After consulting her Magic 8-Ball, however, she instead decided it would be easier to spew it out of her crotch; let it mutate for a couple of years; then kill it and pretend she never had a child to begin with.
This is an example of missing white woman syndrome. Troll people who care about Casey Anthony by calling them racist for not also caring about Mya Lyons. If Casey Anthony had pretended to give a shit about her daughter, then she could have milked her for millions of Jew gold, and sued anyone who suspected the truth.
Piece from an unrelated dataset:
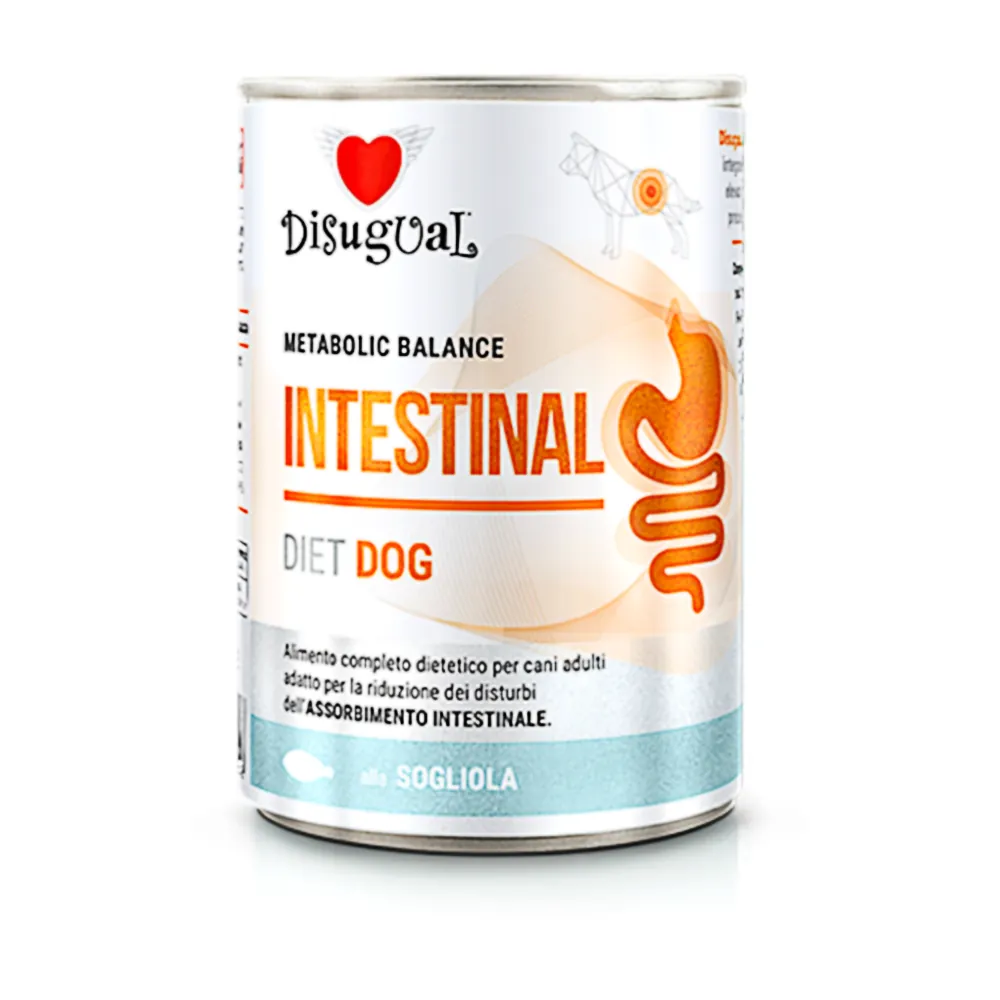 Disugual Metabolic Balance Intestinal Diet Dog Lenguado es un alimento dietético completo para perros, formulado específicamente para la reducción de los trastornos de la absorción intestinal.

An abbreviated version of the story.
On June 9-12, 2008, Casey reported that she dropped off her daughter with babysitter Zenaida Mexican on June 9 and that she had been staying with nannies or friends while she worked.
June 12: George Anthony says Caylee was spotted by friends of the Anthony family.
June 15: In her testimony in Casey Anthony's bond hearing, Caylee's grandmother, Cindy Anthony, revised her estimate of the last time she saw the girl. Cindy Anthony said video of Caylee reading a book helped her remember that Caylee went with her to visit her father at an assisted living facility on Father's Day. The day after, Casey walks into a nearby Blockbuster video with her boyfriend; they planned to rent out "Faces of Death" but seeing as that was unavailable, "Untraceable" and "Jumper" went into a plastic bag instead.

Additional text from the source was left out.